=== TASK INPUTS ===
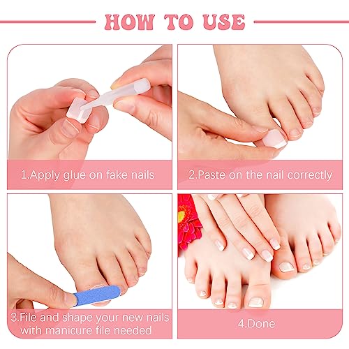 - ❤ Ease to use: 1.Use the nail file to polish the toenail surface. 2.Clean your toenails and confirm them are dry.3. Choose the right size glue sticker and stick it on your toenails.4.Stick the suitable false toenail and press it for 10 seconds until it sticks firmly.5.Trim the edges with a nail file.
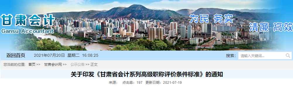 關(guān)于印發(fā)《甘肅省會(huì)計(jì)系列高級(jí)職稱評(píng)價(jià)條件標(biāo)準(zhǔn)》的通知
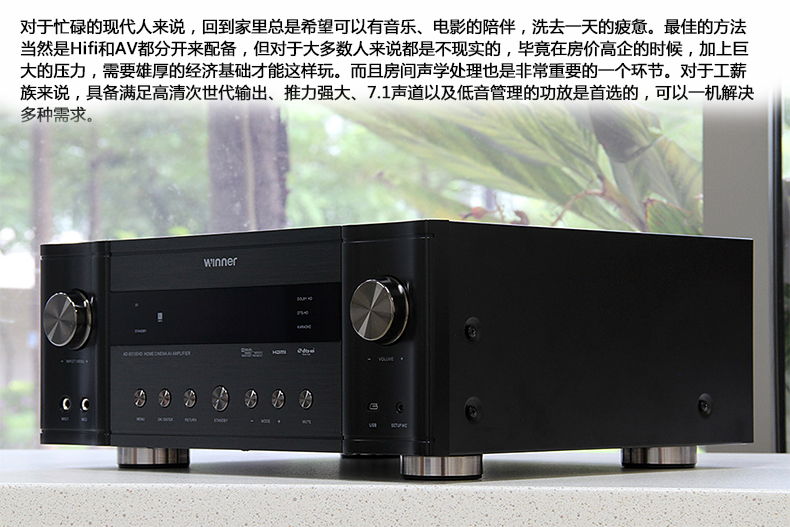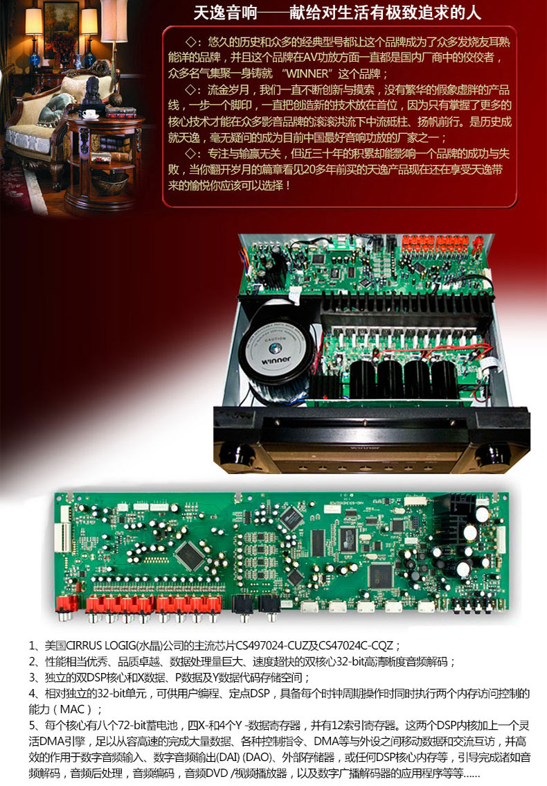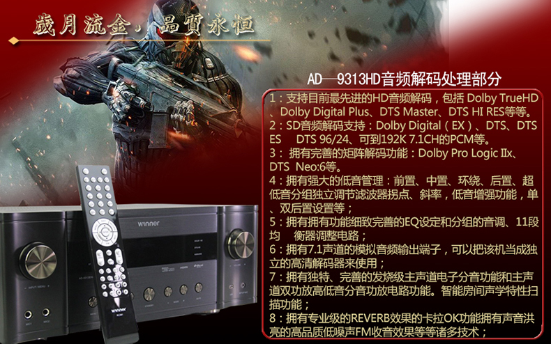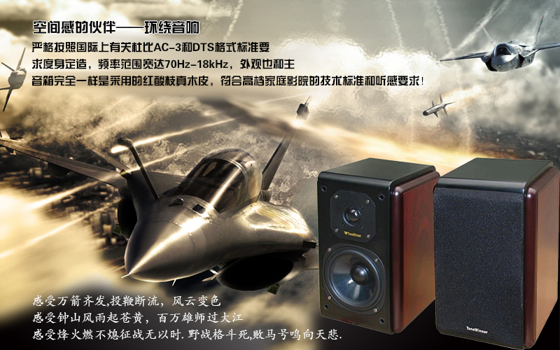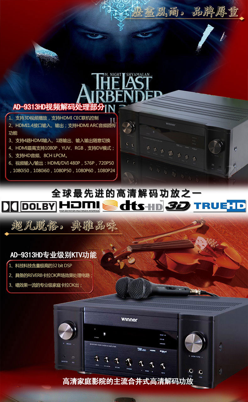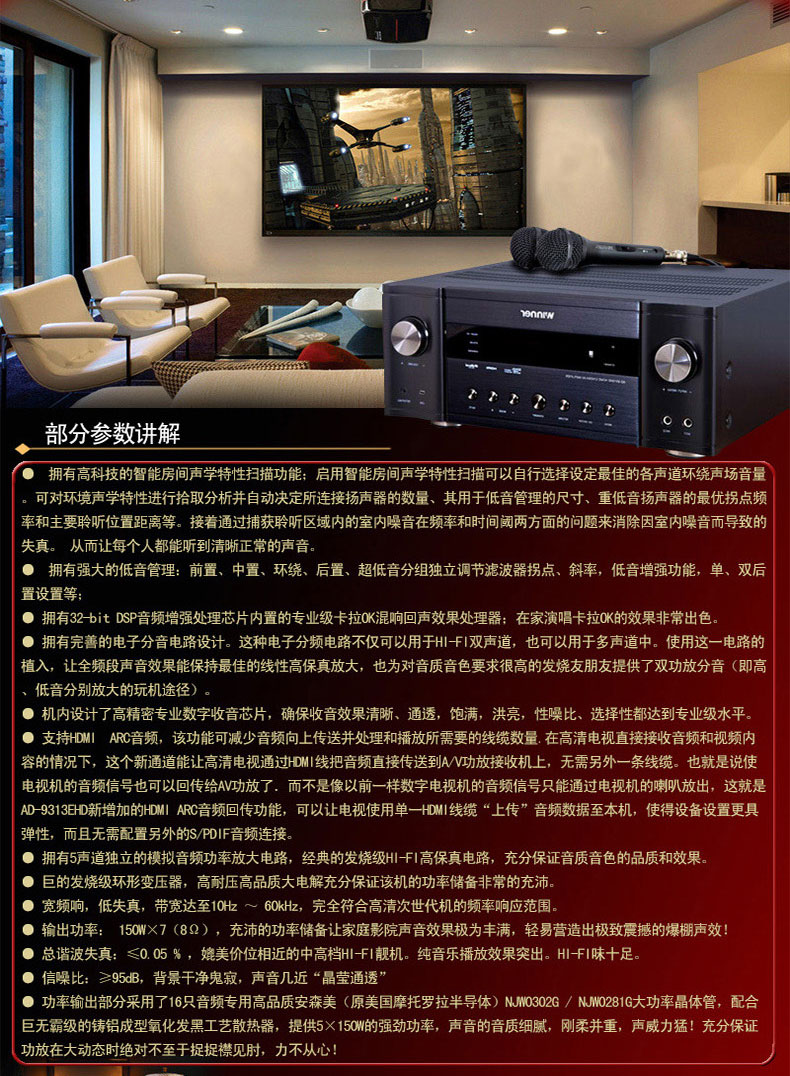 产品简述:简介:“新高清二号”套装家庭影院是由天逸最新上市的7.1声道次世代高清合并式功放AD-9313HD,搭配由高保真理念设计的AV/HI-FI兼容音箱 “童笛5号”而组成。该组合拥有目前最先进的HD音频解码和SD音频解码技术、双核处理芯片,以及HDMI1.4传输技术,功能众多,接口全面,功率储备也相当的充沛。并拥有功能强大的房间声频扫描、EQ调校及电子分频技术等。可轻易营造相当出色的环绕声场和震撼之极的声音效果。音质音色和音效都相当令人满意,并提供声效一流的卡拉OK。
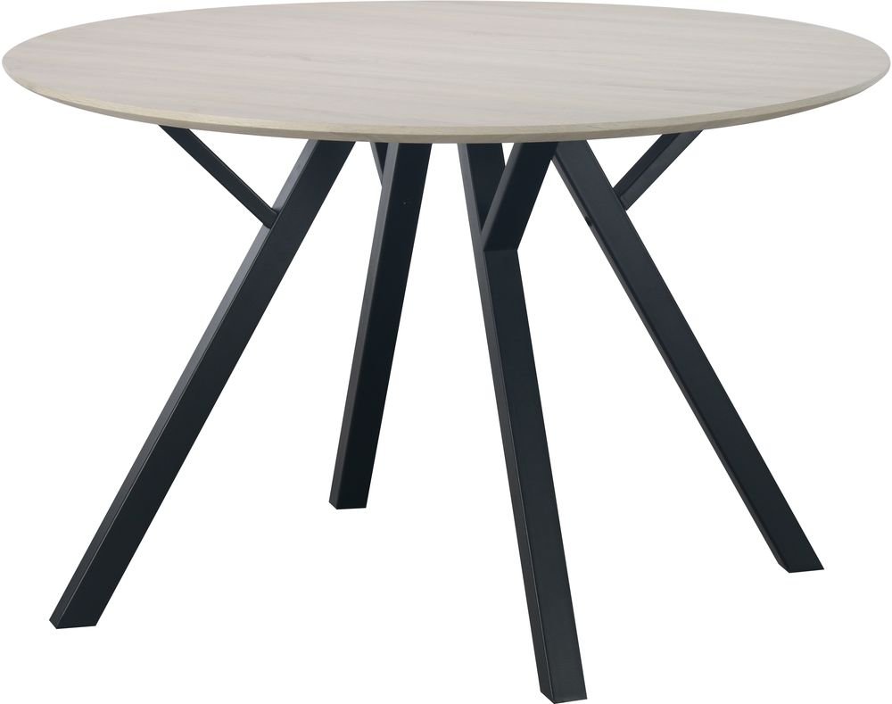 Matgrupp från Skånska Möbelhuset, Smokey matbord 120 cm i diameter med mdf-toppskiva med ljus betsad ekfoliering. Medföljer 4 st matchande Carisma sammetstolar i bordeauxfärgat sammet med svarta ben.
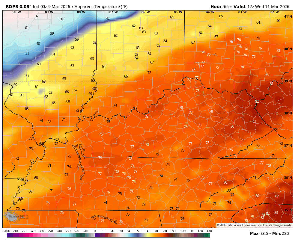 Temps on Wednesday surge to near 80 degrees across parts of central and eastern Kentucky before tanking behind the cold front sweeping through Wednesday night. Wind chills reach the mid and upper 20s by Thursday morning with the chance for a few snowflakes.
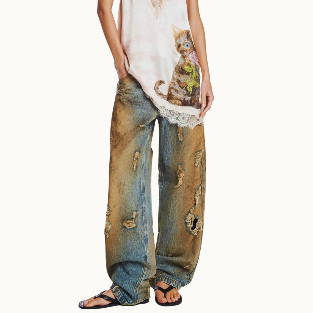 CALÇA JEANS BALLOON MANCHADA COM RASGOS
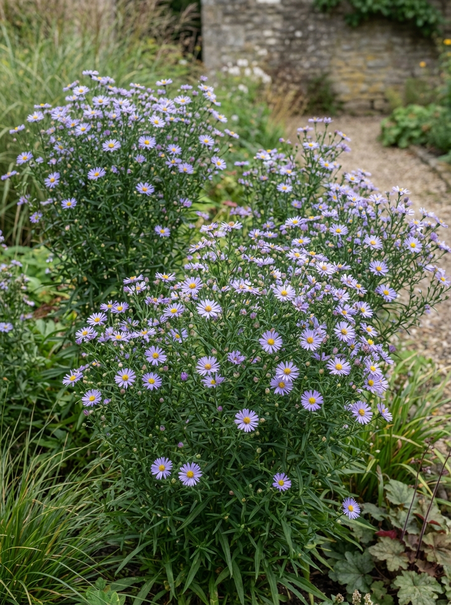 Een kleinbloemige maar zeer rijkbloeiende hoge aster met blauwe bloemen.
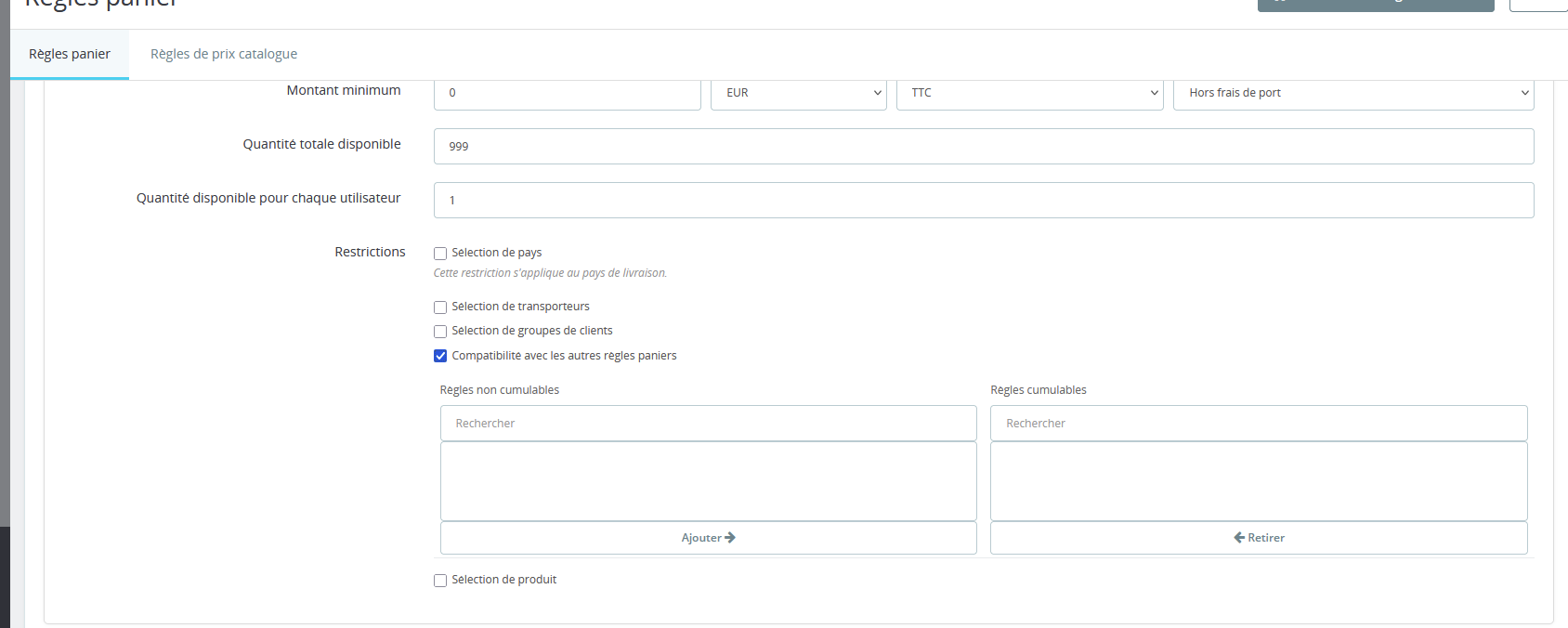 Bug règle panier : Compatibilité avec les autres règles paniers - v8.2.1
===
REQUIRED WORK: Return nothing but the lines running from the start of the data to the line with "關(guān)于印發(fā)", please, both ends included and no pictures.

THE ANSWER:
 - ❤ Ease to use: 1.Use the nail file to polish the toenail surface. 2.Clean your toenails and confirm them are dry.3. Choose the right size glue sticker and stick it on your toenails.4.Stick the suitable false toenail and press it for 10 seconds until it sticks firmly.5.Trim the edges with a nail file.
 關(guān)于印發(fā)《甘肅省會(huì)計(jì)系列高級(jí)職稱評(píng)價(jià)條件標(biāo)準(zhǔn)》的通知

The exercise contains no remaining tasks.